Cisco has a vision for the so-called virtual data-center and is executing with products that automatically provision, manage and optimize virtualized environments, reports a story from Network World's New Data Center special issue. Cisco has been ramping up technology geared toward pulling together server, storage and network capacity needed to meet an application's demand. The approach is, not surprisingly, network centric, as opposed to server centric, or even (oh my!) having the application shoulder the burden of its performance itself. Still, the underlying premise makes sense.
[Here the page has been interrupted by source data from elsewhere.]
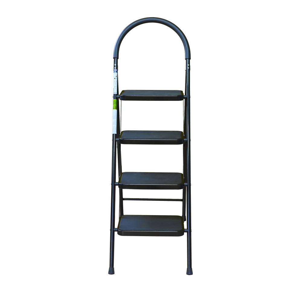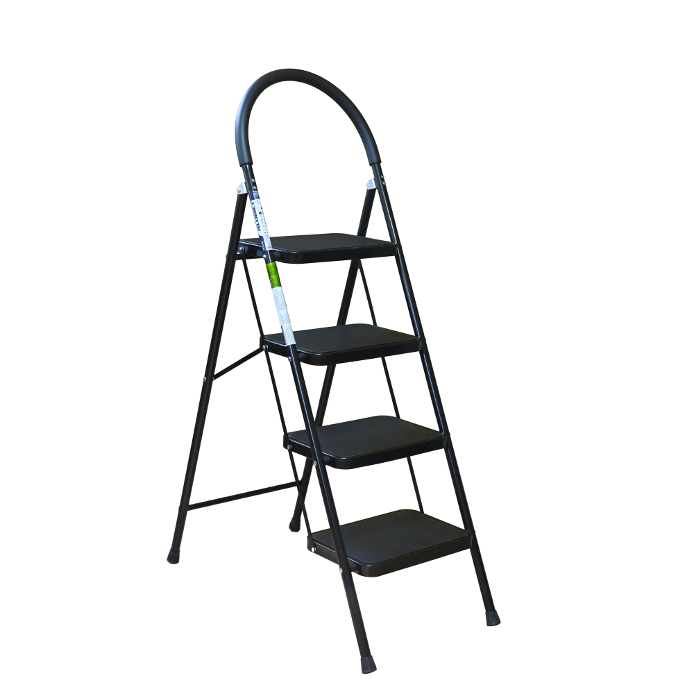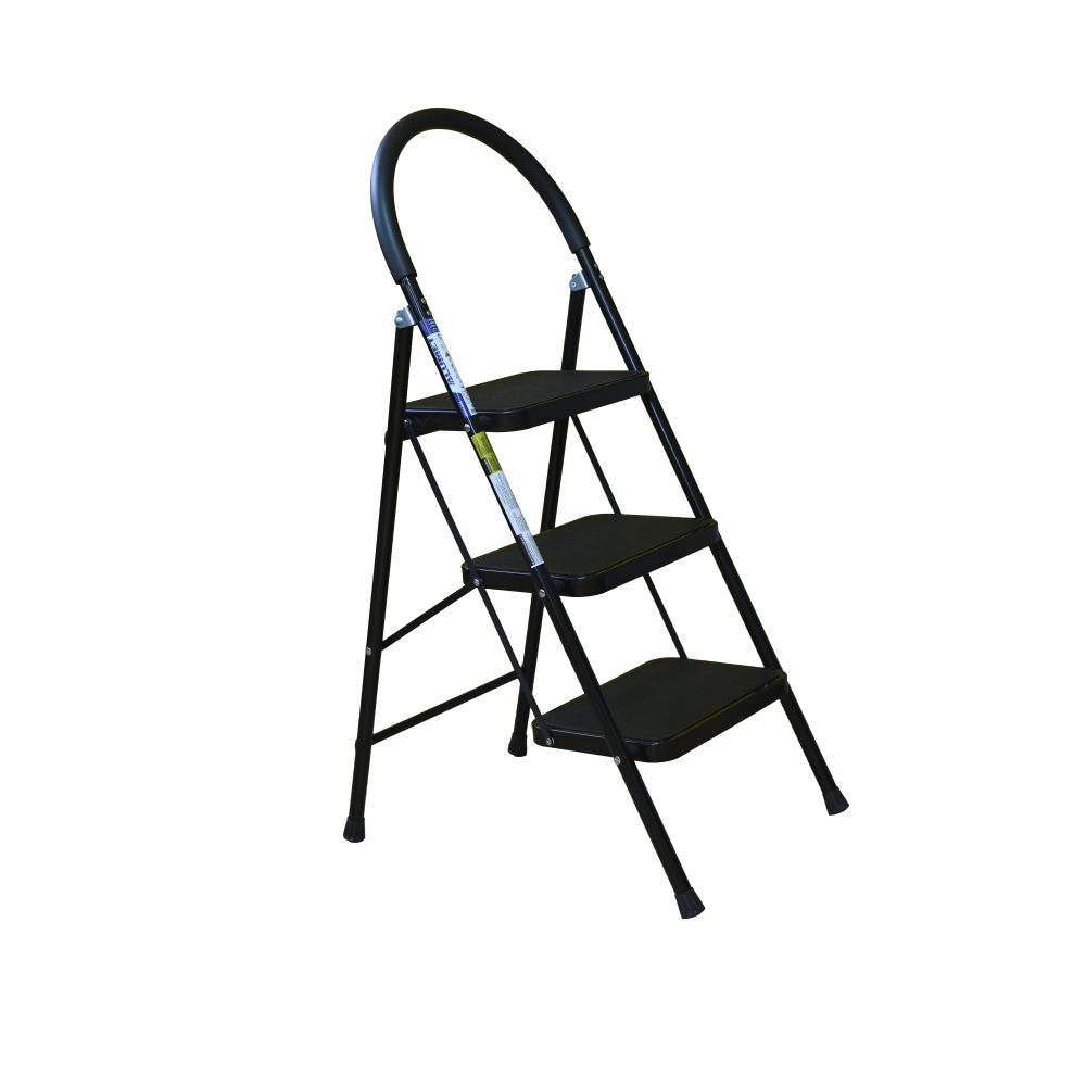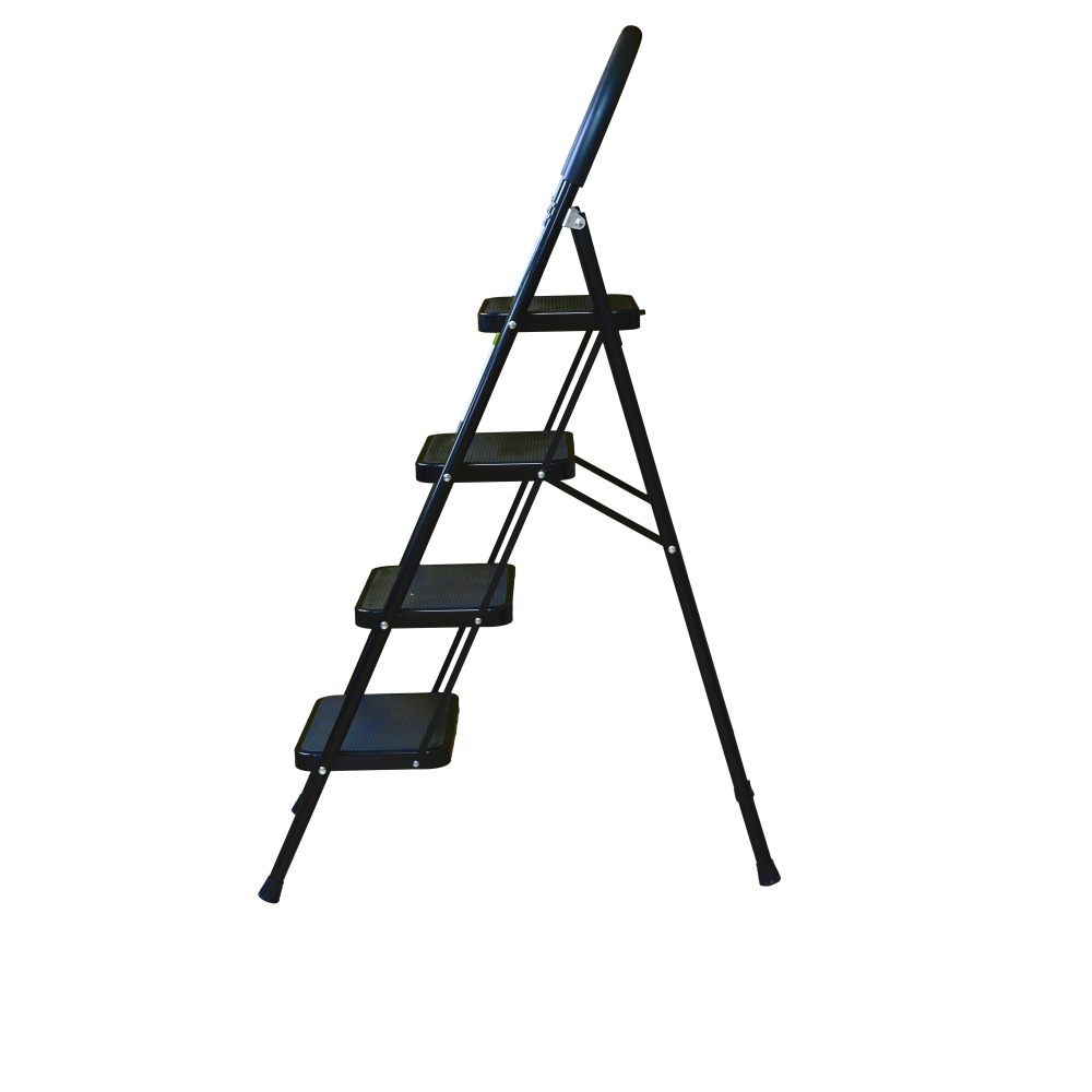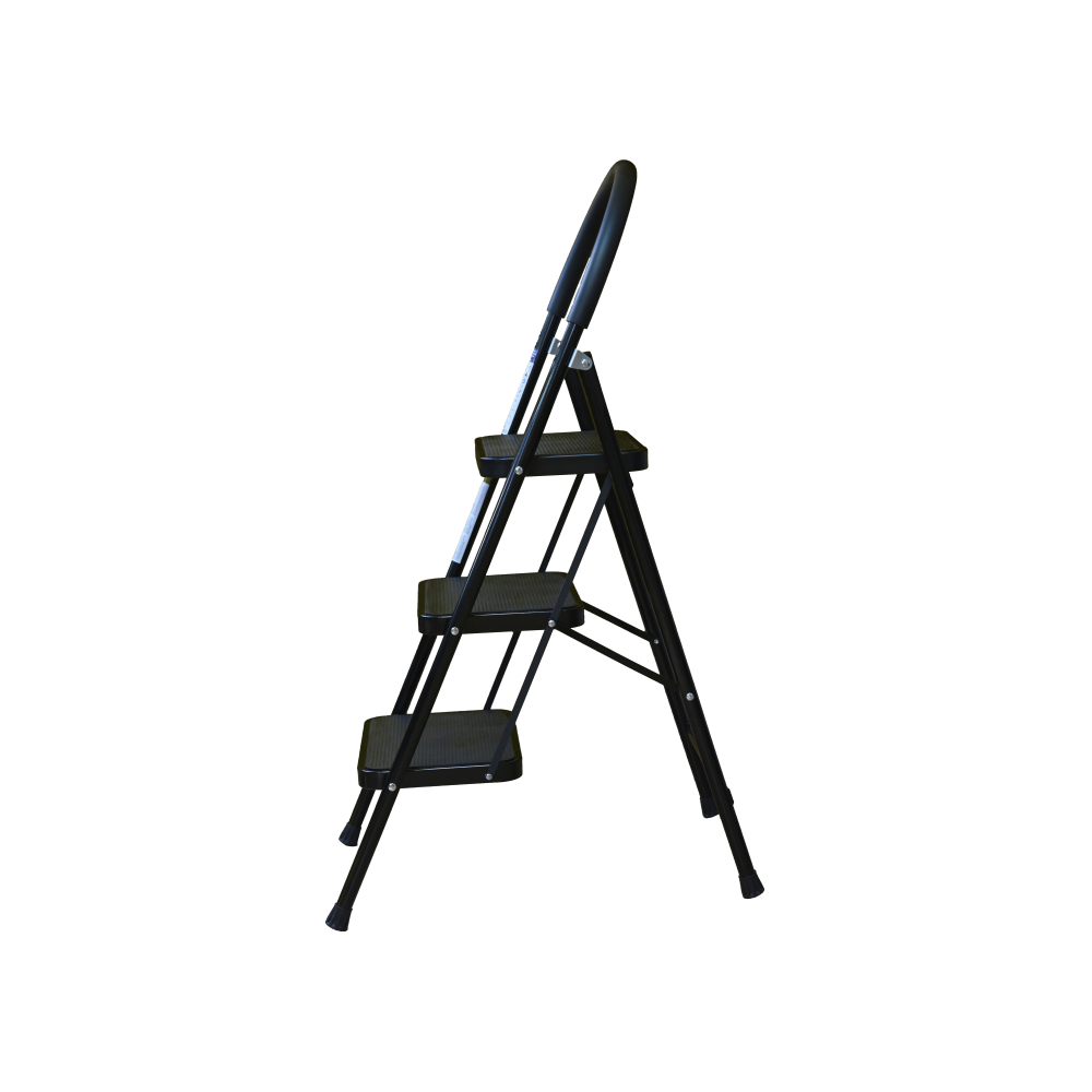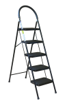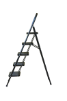 The bowstring of the front leg, hind leg and steps are made of steel profile protected from corrosion with powder paint. Back and front legs are connected by planks. Steps with plastic inserts the whole area, with corrugation. The shoes are made of high-strength plastic. The step-ladder in the working position must be fully open, the upper the step should lie snugly on the tube of the back leg.
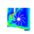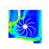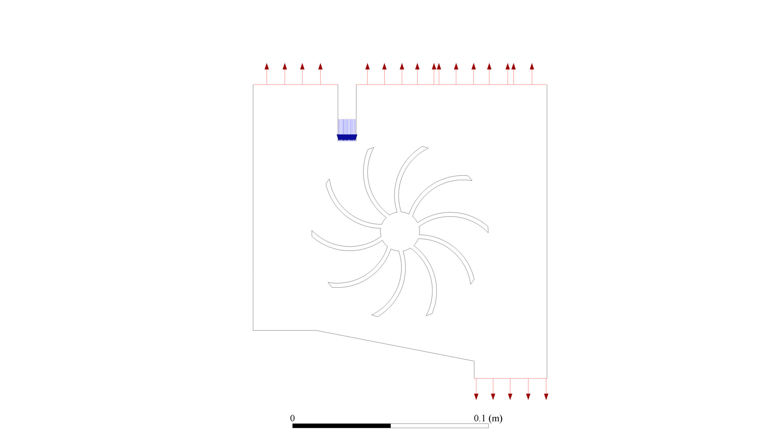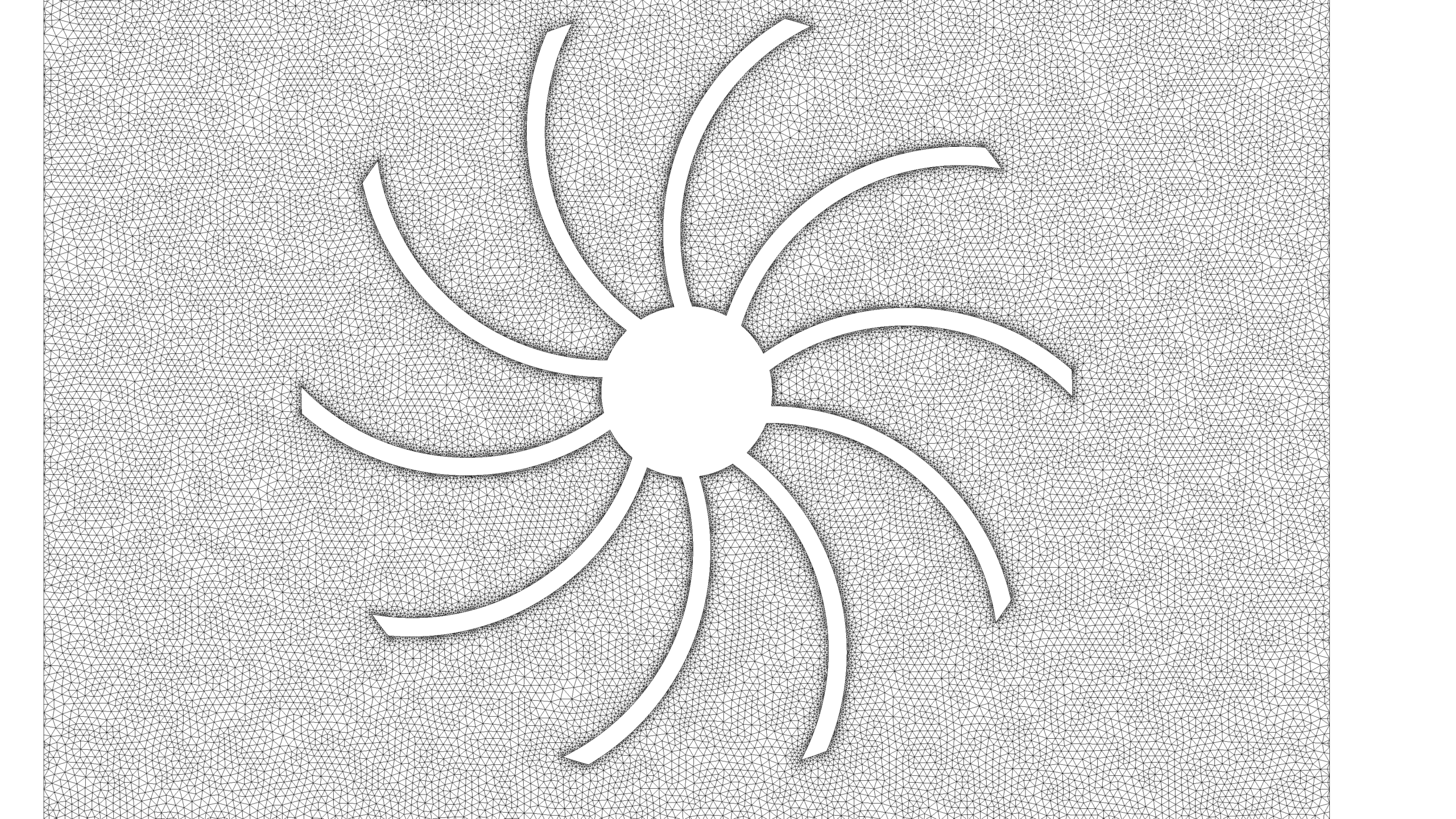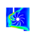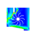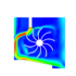 The simulation focuses on a scenario where the incoming airflow drives the rotation of a turbine, represented by a spiral-shaped structure in the center of the domain. This approach allows for the analysis of how the wind’s kinetic energy is converted into rotational motion, which is the fundamental principle behind wind turbine operation.
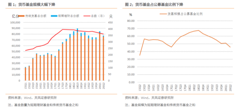 截至2020年二季度,传统货币基金份额为7.565万亿份,较上一季度减少6376亿份。传统货基规模大幅下降,且短期理财基金规模继续萎缩,叠加混合型基金和债券型基金规模继续增长,整体货币基金规模占比下降至45.78%。
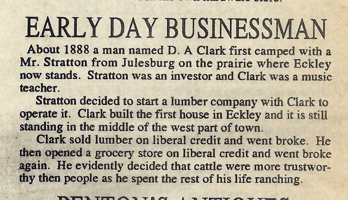 One of the speakers was Amos Clark of Denver who, with his wife, made an exhibit at the Library of old newspapers and pictures of Eckiey at its beginning. Mr. Clark's father, D. A. Clark, owned this land and his ranch buildings stood where Eckiey is now. He operated the first store here in 1890.
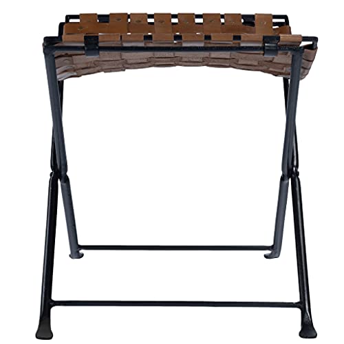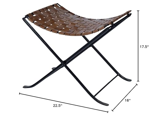 The simple but comfortable woven brown leather stool is a stool designed to blend in with any type of decor you have in your home. The base is made of iron and has been painted black. The legs are crisscrossed and the structure has been developed in a way that you can fold it and store it when you don't need the stool. The seat is made of high-quality brown leather woven in a patchwork design on the iron base, making it flexible and conforming to the shape of your body to provide you with maximum comfort. The edges are finished with a nailhead edge which adds to the quality and uniqueness of this stool. Measurements are 17.5 x 22.5 x 16 inches.
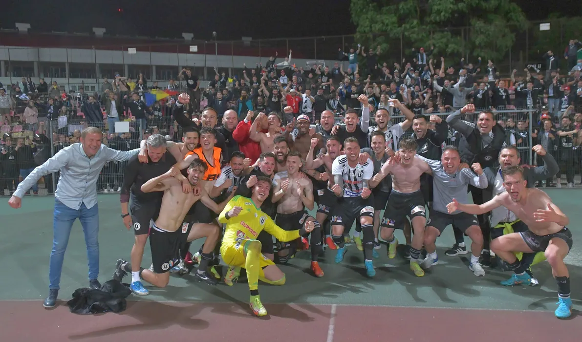 Fotbalistii clujeni se bucura intr-o fotografie de grup alaturi de suporteri dupa promovarea pe prima scena a tarii in urma meciului de fotbal dintre Dinamo Bucuresti si Universitatea Cluj, Barajul pentru mentinerea in Liga 1 Casa Pariurilor, desfasurat pe Stadionul Dinamo din Bucuresti, duminica 29 mai 2022. © FOTO:Razvan Pasarica/SPORT PICTURES
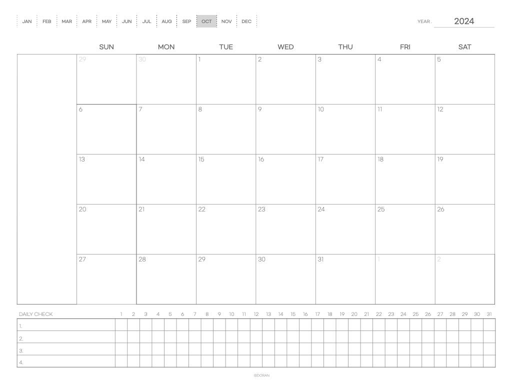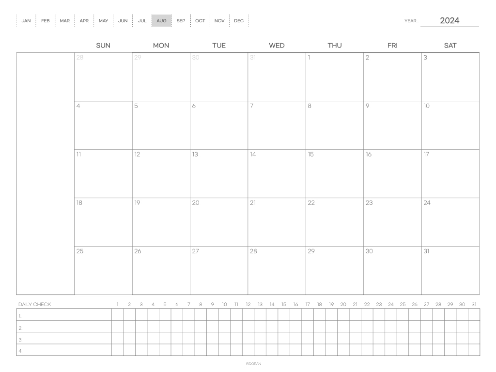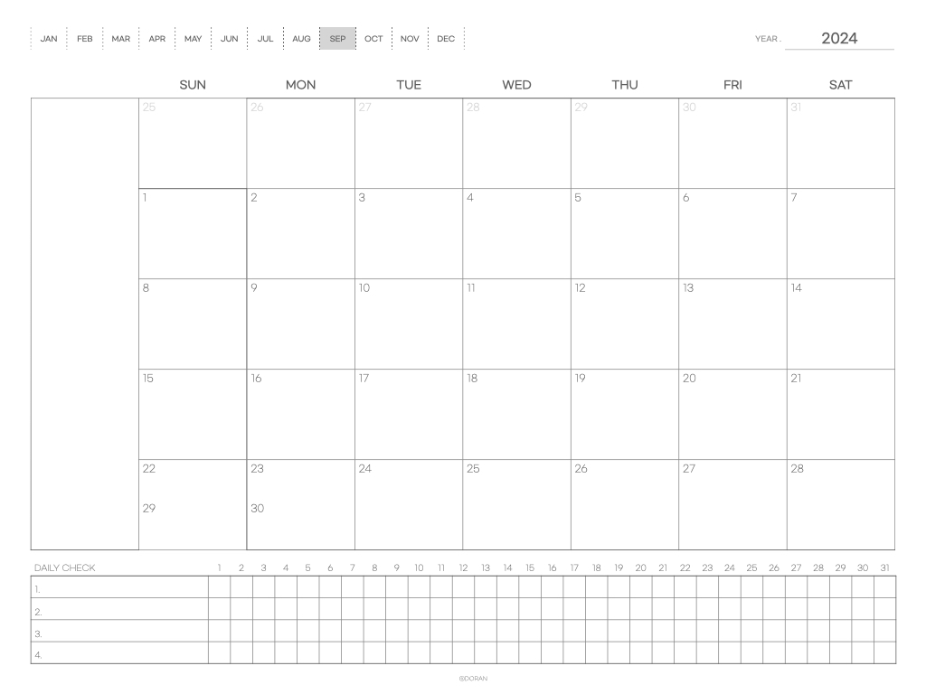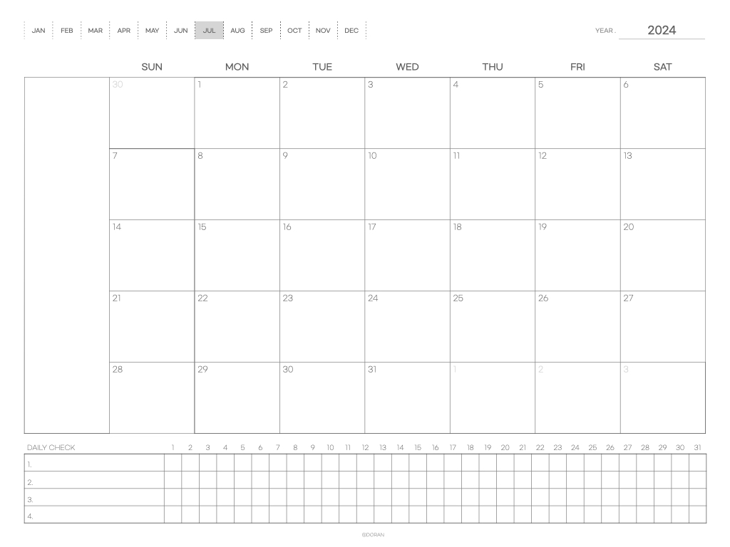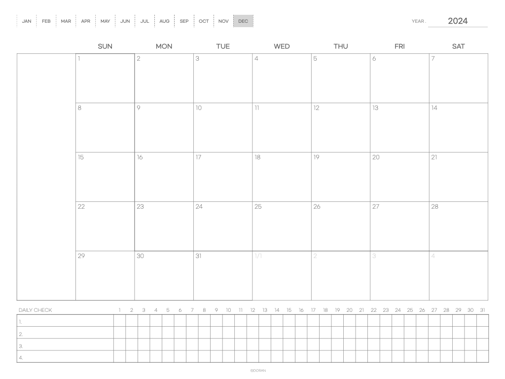 안녕하세요 도란입니다. 오늘은 2024년 먼슬리 다이어리 속지를 가지고 왔습니다. 그 중에서도 가장 최근에 만들어서 공유했던, 데일리 체크 란이 있는 속지 입니다. 매일 실천하고 싶은 습관이 있다면 이 부분에 체크하면 좋을 것 같습니다.
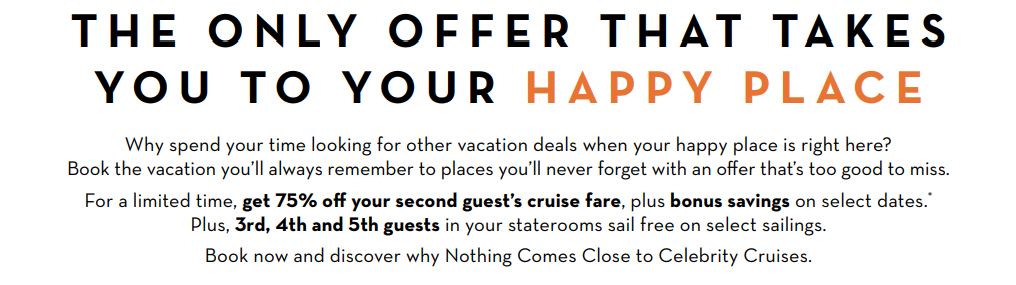 Your Happy Place Awaits with Celebrity Cruises! Why search for another deal when the perfect one is right here? For a limited time, get 75% off your second guest’s cruise fare, plus, bonus savings on select dates.
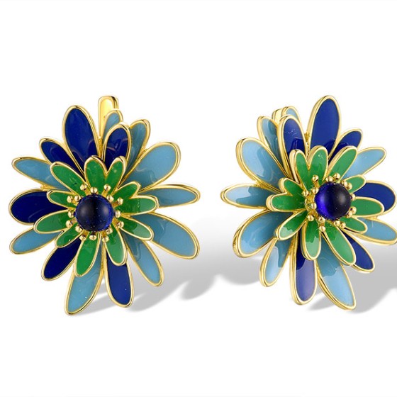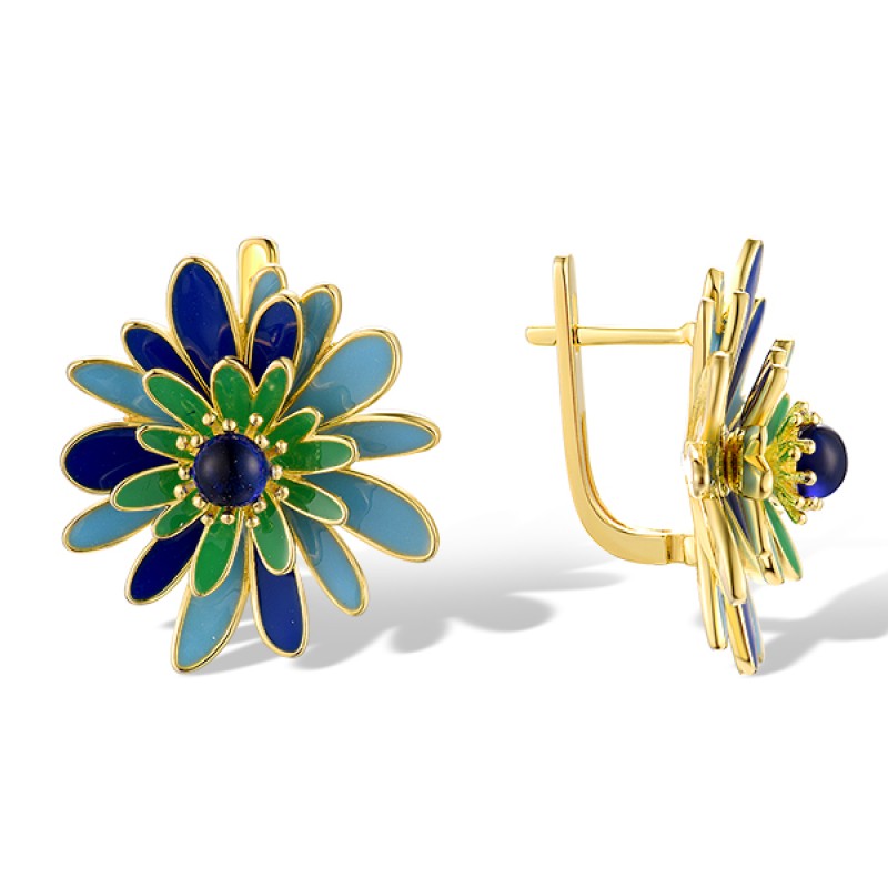 Sterling Silver w/ Yellow Plating Earrings Blue Glass,Enamel (E319877ENASY925)

Since the network touches everything, perhaps it is the ideal place for the virtual environment to be orchestrated. The story says:
Cisco's vision has manifested itself thus far in its VFrame Data Center appliance. With the appliance, an enterprise could make many server resources appear as one large, virtual pool and stitch together the needed components to deliver a service across a virtual infrastructure. ... VFrame is an ambitious effort to reduce the complexity associated with provisioning and configuring virtual servers by leveraging a model-based paradigm and virtualizing the I/O interfaces," says Cameron Haight, research vice president at Gartner. "It's too early to tell if the VFrame approach is the right way to go or not, but the need for something like this, which automates configuration-related activities across dependent infrastructure-technology elements, is pretty clear," he says.
Have you played with VFrame yet? If so, what do you think of it?